За обедом ничего не подозревавшая Грета Вильке была ошарашена бурным приветствием возбужденных, по-праздничному разодетых дам. Знакомая картина. Вчерашний враг народа вздымается восхищенной толпой на пьедестал, чтобы завтра опять лететь лицом вниз в близлежащую лужу. Так было и так будет всегда.
Бывшие пациентки представлялись не именами, а диагнозами:
— Помните мою спину? Приползла к вам почти на четвереньках, а уходила вприпрыжку стройным кипарисом.
— А мое плечо. Руки не могла поднять…
— А мое колено. Думала, после операции никогда не согнется…
Дамы жужжали пчелиным роем, наперегонки расхваливая чудеса былого исцеления, а Грета тоскливо поглядывала на дверь своей комнаты, где на прикроватной тумбочке ее терпеливо ждал кареглазый мужчина с обложки сентиментального романа.
— Миленькая, да что же вам на тарелку положили совсем бледненькую ножку? Возьмите мою. Посмотрите, как изумительно зарумянена.
Лицо Греты передернулось отвращением и страхом.
— Как вы можете есть эту гадость! Неужели никто из вас не смотрит телевизор! Этих куриц в инкубаторе откармливают всякой дрянью и медицинскими препаратами, чтобы быстрее вес набирали, а потом забивают.
Перепуганно оглянувшись в мою сторону, госпожа Вильке понизила голос до шепота и закончила страшное предсказание:
— Ведь и мы с вами сидим в таком инкубаторе. Три раза в день медикаменты, еды на убой, и взвешивают каждую неделю. Скоро нас всех отправят на бойню. Бежать надо.
За столом воцарилось молчание. Мы все привыкли безоговорочно верить медицинским авторитетам. Ведь они по сути своей — наместники бога на земле. Если бы кто другой глупость сморозил, а тут госпожа Вильке… Она всегда славилась особой интуицией на правильные диагнозы и болевые точки.

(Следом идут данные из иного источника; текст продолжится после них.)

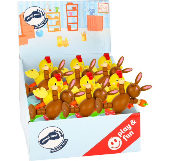 Small Foot Displej Mačkací velikonoční figurky 12 ks Sada 12 ks. Zábava začíná stisknutím tlačítka. Roztomilá kuřata a zajíčci jen čekají až stisknete tlačítko v jejich podstavci. Začnou se totiž hýbat, tančit. Krásná barevná hračka vyrobená ze dřeva. Německá firma Legler zaměřená na výrobu kvalitních dřevěných hraček od roku 1996. Všechny dřevěné hračky značky small foot mají označení CE a jsou vyráběny dle evropské normy pro bezpečnost hraček EN 71. Použité barvy jsou speciálně vyvinuty pro dřevěné hračky a jsou odolné i proti slinám dětí. Dřevo, které se používá pro tyto hračky, většinou pochází z lesnických společností zapojených do zalesňování. To nabízí všem zákazníkům možnost přispět k zachování přirozeně rostoucích lesů. Dřevěné hračky small foot jsou zářivě barevné produkty, které jsou vyrobeny převážně z přírodních surovin - dřeva. Dětem dělají radost od útlého věku, rozvíjí jejich hmatové a smyslové dovednosti. Cílem značky small foot je podporovat duševní a fyzický vývoj dětí.

Алиса Кауфманн, наморщив лоб, задумчиво произнесла:
— А и правда — бесплатный сыр бывает только в мышеловке. Излишнее благополучие должно настораживать.
А госпожа Рихтер, бросив прощальный взгляд на румяную куриную ножку, отодвинула тарелку в сторону.
Я почти разгадала загадку. Осталось ответить лишь на последний вопрос: почему смущалась и чего не договаривала Вильке-младшая?
Разгадка забрезжила только к вечеру. Послевоенное поколение немецкой молодежи! Об этом рассказывали мои коллеги. Они выросли в атмосфере стыда и вины за деяния отцов и дедов. Многие до сих пор, желая отмежеваться от этих деяний, клянутся, будто именно их отцы никогда не состояли в партии и не участвовали в холокосте.
Кто я для Вильке-младшей? Эмигрантка из России с явно выраженным неславянским лицом. Думаю, именно этот скелет звякал костями в ее шкафу во время разговора об инвалиде отце, который никогда не воевал.
И все же я не мисс Марпл. Разгадала шараду, но от этого не стало легче. Она находила ответ, ставила точку, и наступал мир, а у меня… У меня, похоже, назревает массовая голодовка в доме для престарелых!